Sunday, October 18, 2009. 10:10 AM
The Healing Power of Prayer
Anne Brower
The Sunday Forum: Critical Issues in the Light of Faith
Deryl Davis, host
Priest and nationally recognized physician Anne Brower meets with Deryl Davis, producer of the Sunday Forum, to discuss the meaning of healing and the role prayer plays in wholeness and well-being.
Since time immemorial, listening and touching were the main components of what Brower calls the “art of medicine.” Today, however, many physicians spend only a few minutes with a patient before turning the patient over to a machine for an MRI, X-ray, or other procedure.
Crucial aspects of care are lost when conversation and touch are removed from care. Common terms elucidate the position of the patient—and the people around that patient—when an ailment strikes. “Disease is the organic thing that attacks” the body, she says. “Illness is your response to your disease,” she adds, pointing out that illness is the hardest challenge for people with a disease to face. “Sickness is the social response to your disease,” she comments. Early AIDS patients, for example, were the lepers of our day. Shunning patients is a sickness that makes it harder for patients to recover.
How do people recover from disease, illness, and sickness? Brower defines cure as restoring the body to its original state before the disease or injury. Because this often cannot happen, medical conditions are managed to enable patients to function better. (“Forget about cure,” Brower summarizes.)
By contrast, healing is a way of living that involves both medical ailments and “any kind of brokenness,” Brower says. “We have to live our lives constantly towards healing…. That’s change. That’s coming closer to God every moment of our lives. It involves love, it involves surrender, it involves moving out of where we are to a new place.”
After his crucifixion and resurrection, Jesus himself appeared before the disciples with his wounds still present. He invited “doubting Thomas” to touch the wounds. Why didn’t Jesus come back in a medically perfect, cured state? Brower believes that Jesus’ message was: I am whole, with my wounds.

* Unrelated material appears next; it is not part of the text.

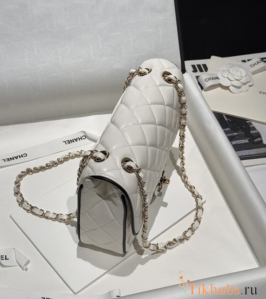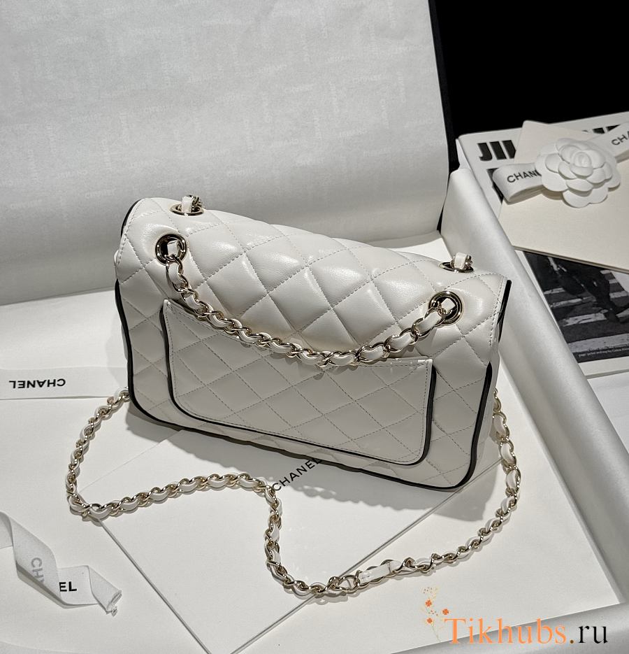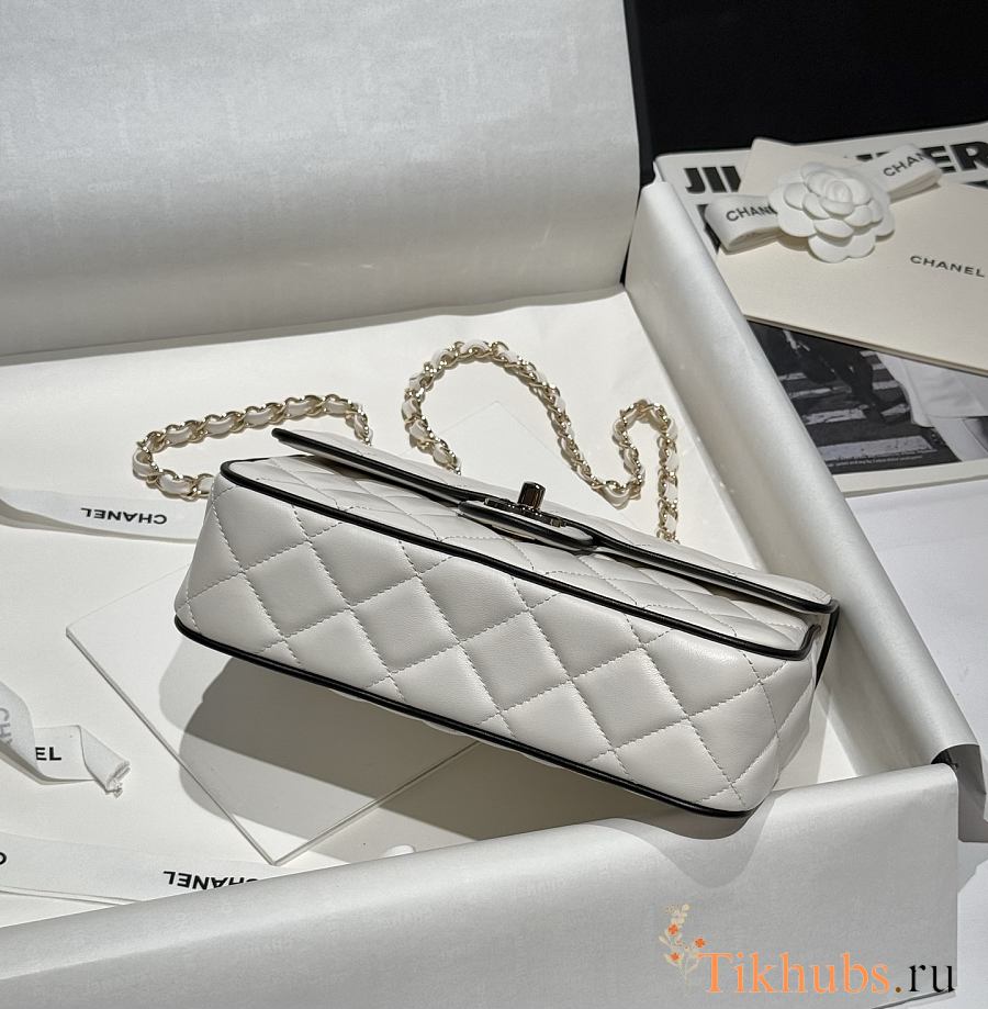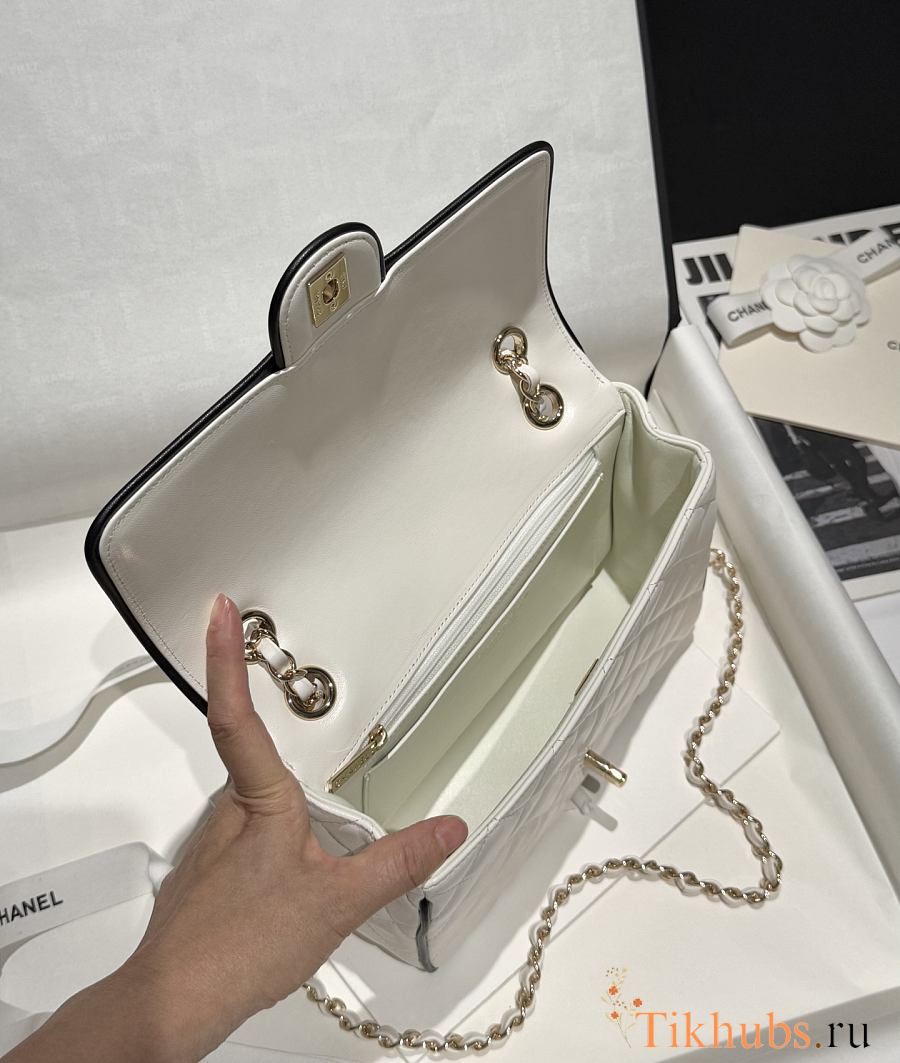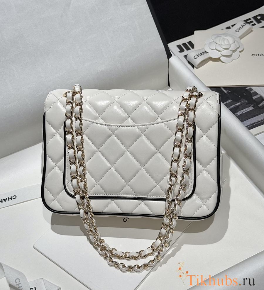 Chanel Flap Bag Lambskin White Black 23.5x16.5x6.5cm

People may come to a healing ministry to ask that their cancer be cured, but that is not the purpose of healing prayers. Those who pray “will lift you up to God, and ask that God be with you … that you might feel his healing touch…. Healing is basically helping you to move with your disease through and beyond it to a higher consciousness … a higher presence with God,” Brower explains.
What of the miraculous cures related in the New Testament? “I believe, yes, Jesus performed cures. I can’t get around that,” Brower says. “But if you notice … every cure that he did … he used that moment to talk about the kingdom of God.”
Jesus “also talked about, ‘Your faith has made you well,’” Brower points out. “I think that he was doing the cure to talk about the healing aspect, or to talk about the kingdom of God.
“If he had really wanted cure to be the real thing, he would have cured everybody,” she adds. But Jesus did not cure everyone. He healed, always talking to one person, always with a touch to the ears, or the mouth, or another part of the body.
Does suffering confer wisdom? Brower doubts that people must suffer as Job did in order to gain wisdom. “The trick is to get beyond your disease or your brokenness,” and reach a higher spiritual plane or a greater wisdom.
About The Rev. Dr. Anne C. Brower
The Rev. Dr. Anne C. Brower is senior chaplain and director of the Healing Ministry at Washington National Cathedral. She is a graduate of Columbia University’s College of Physicians and Surgeons and was honored in 1997 by the American Association of Women Radiologists as “The Most Outstanding Woman Radiologist” in the nation. Her most recent book is I Am Not Ready to Die Just Yet: Stories of Healing.